I know you could change the API to be fluent, but was assuming doing it without changing the API and assuming that API was not fluent.

My response to comments that say “you can do this with let and run” … honestly can we not see the additional syntax and number of extra characters? Brevity and elegance are not for show. At scale, in real world programs, brevity makes for fewer mistakes. I feel this shouldn’t need to be said.

1 Like

Do you have done evidence that supports that conclusion, since that is not my experience? I find that clear, readable code does that not striving to use cryptic syntax to reduce the code by a character or two and do not feel that needs to be said

3 Likes

This is as far as I got with an infix function, featuring classic functional paradigms like partial functions and function currying.
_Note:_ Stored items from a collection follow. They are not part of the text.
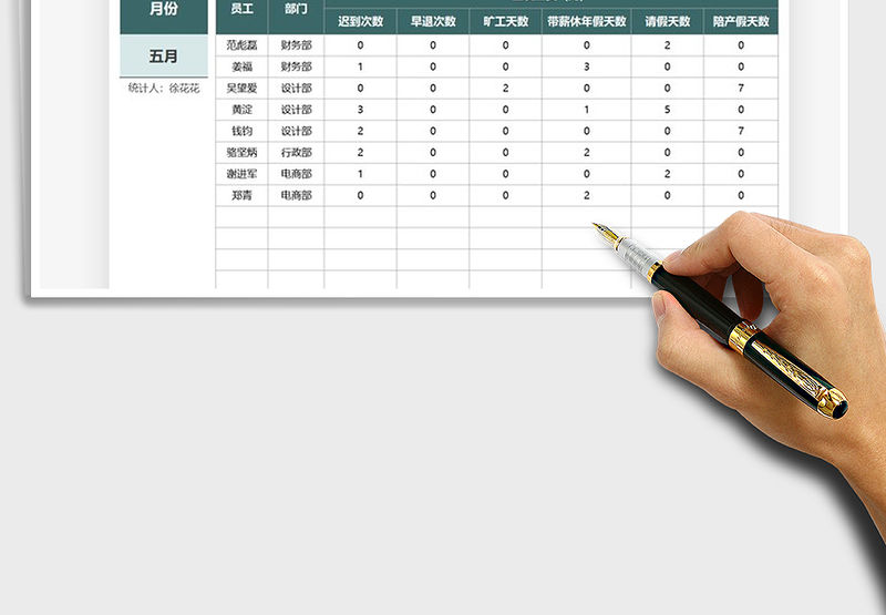 2021年員工考勤表--自動公式計算-統計實際出勤包含
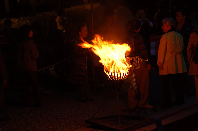 集落各所に焚かれたかがり火の中を、氏子が松明を持って練り歩いて神社山門を目指す。
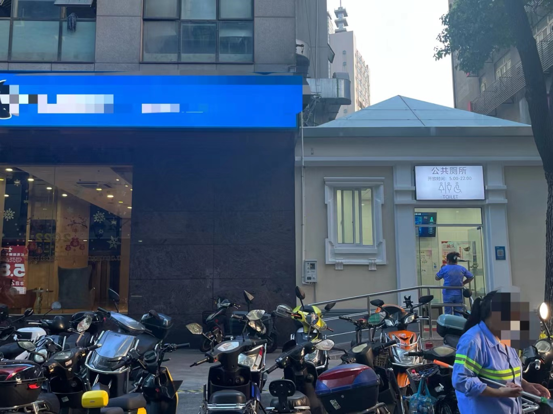 在街道的入口处还有一个像小屋一样的智慧公厕
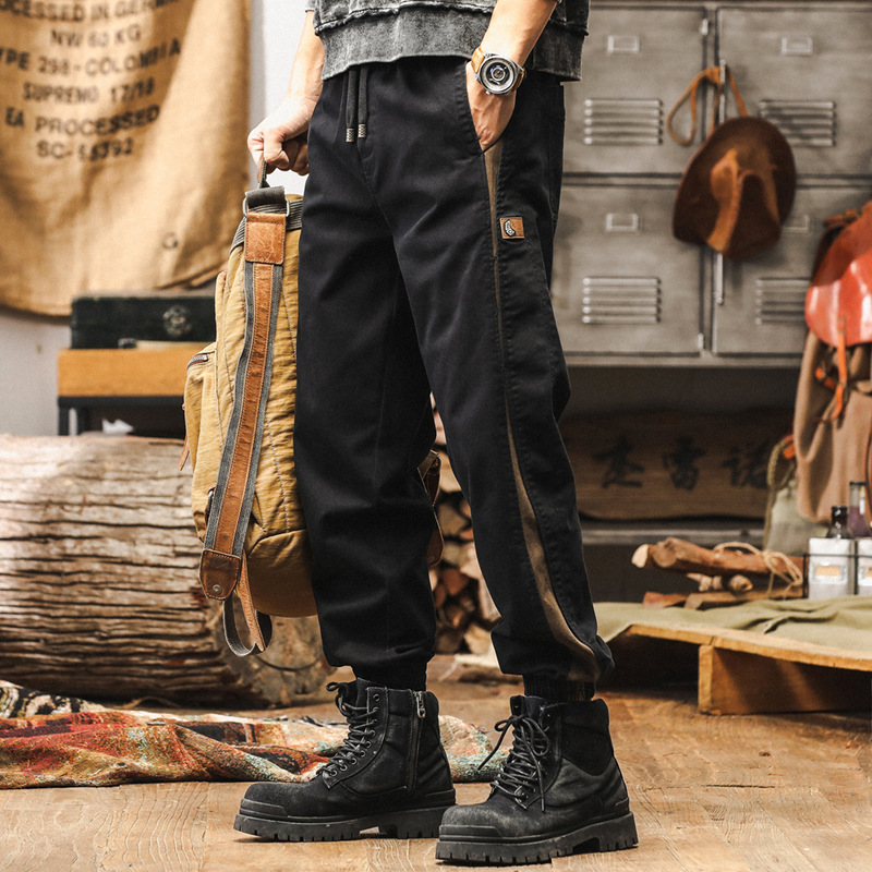 美式復古拼接工裝褲子男寬鬆直筒秋季2025新款戶外潮牌男士休閒褲

If it weren’t for backticks, it would look pretty nice in my opinion.

typealias id<T> = (T) -> T
typealias rec_bin<T> = T.(T) -> T

inline infix fun<T> T.`|`(fnc: id<T>) = this.let(fnc)
inline infix fun<T> id<T>.`|`(crossinline fnc: id<T>): id<T> = { this(it) `|` fnc }

fun<T> partial(op: rec_bin<T>, operand: T): id<T> = { it.op(operand) }

val addCinque = partial(Int::plus, 5)
val negative = partial(Int::times, -1)

fun main() {
    val pipe = addCinque `|` negative
    println(4 `|` negative `|` pipe)
}

But as long as such a pipe forward operator can be consider usable, I personally would not advocate modifying language syntax and its parser accordingly. As it’s been already mentioned in this thread, you can use let (or run) which does the same job and seems to be as concise as a dedicated operator.